For Victor Burgos, it seemed like all roads led to the Lowcountry — and he wouldn’t have it any other way.
Burgos began his journey at Parris Island with the U.S. Marine Corps in the early 2000s and finished his tour of duty in Beaufort. From there, he found himself at the Savannah College of Art & Design with a focus on game development.
“It was the right place at the right time,” he said. “I learned a lot (at SCAD), so I am very thankful for that.”
While in school, Burgos was finding freelance assignments and part-time jobs for various gaming studios around the world. The work helped him gain more experience in the field, and he said it informed him as much as his schooling did on what he needed to learn to excel in the industry.
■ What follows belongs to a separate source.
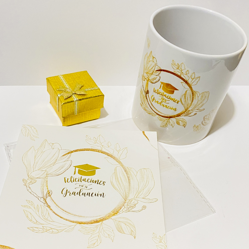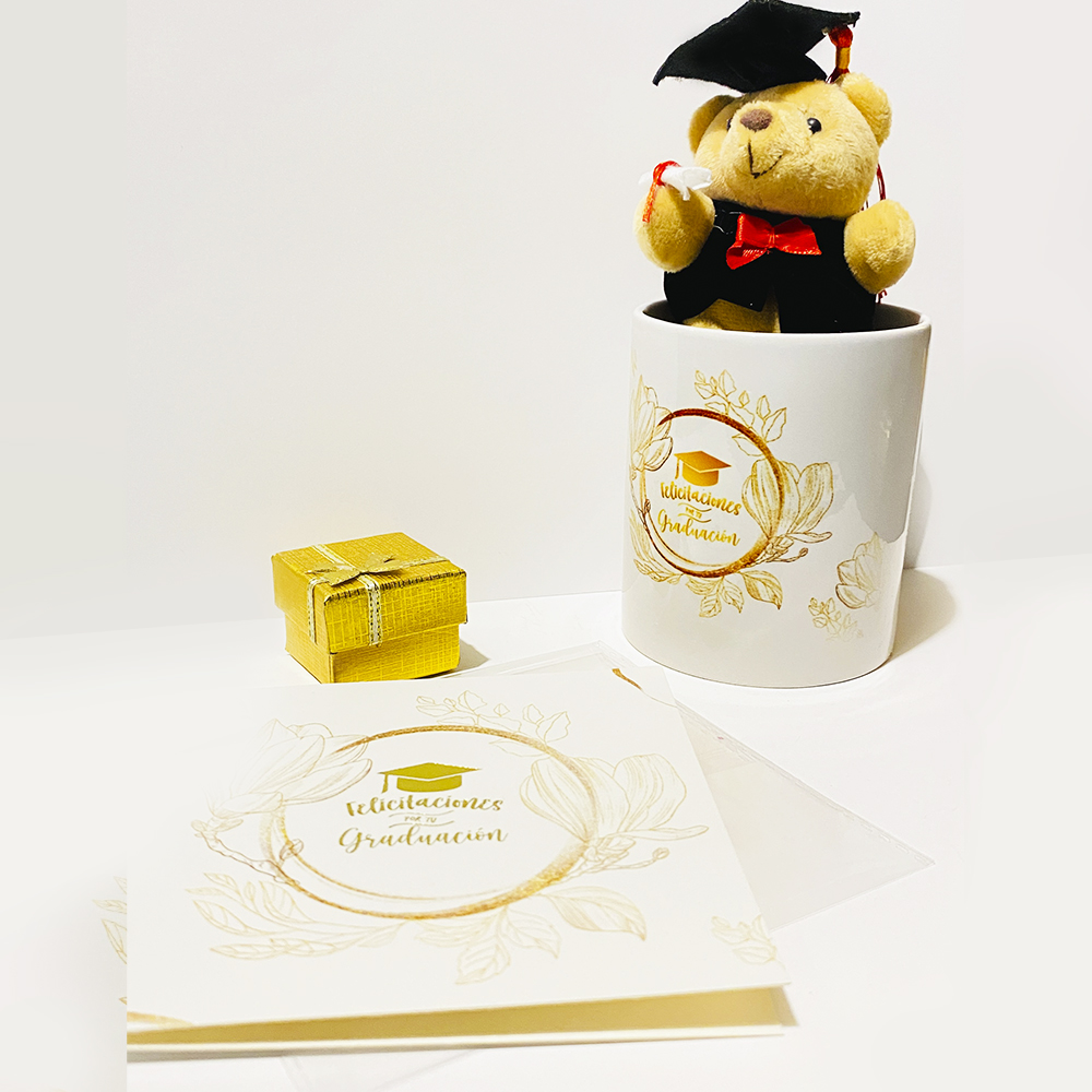 3. Cajita + Tazón graduación + Pin metálico + Tarjeta para dedicatoria.

“It taught me the greatest skill. It taught me about being autonomous, basically,” he said. “Since I’m working remotely, it taught me time management skills. It taught me how to be proactive and how to just basically manage my life better and how to communicate a lot easier.”
The experience also taught Burgos that he wanted his own game studio, and wanted it to be smaller and more personal. The gaming industry lacks a true centralized hub like the movie industry in Los Angeles or theater in New York City, so he said it was much easier to stay in Beaufort, where he was comfortable, and bring the world to him.
“I basically just want to make my extended family feel proud of each and every project that we work on,” Burgos said.
His current extended family includes himself and a number of contractors from around the world working on his studio, Burgos Games’, first commercial release, “Neko Ghost, Jump!”
With the rest of his contributors living in Germany, Canada, Russia and Mexico, among other regions, Burgos said he is putting in hundreds of hours with the elements of development that he knows while his other contractors come in and place the other pieces into place.
“This is my company’s first game (and I’m) hoping that (the workload is not) like this forever, but in this industry, there’s so many games that are getting pumped out every year, so you have to do something special,” he said.
“I’m not saying that working at 100 hours (a week) is special and obviously I do not recommend this for anybody to do this. I’m in a unique position that I was a Marine before and kinda already used to some of these hours, especially when I was deployed to Afghanistan.”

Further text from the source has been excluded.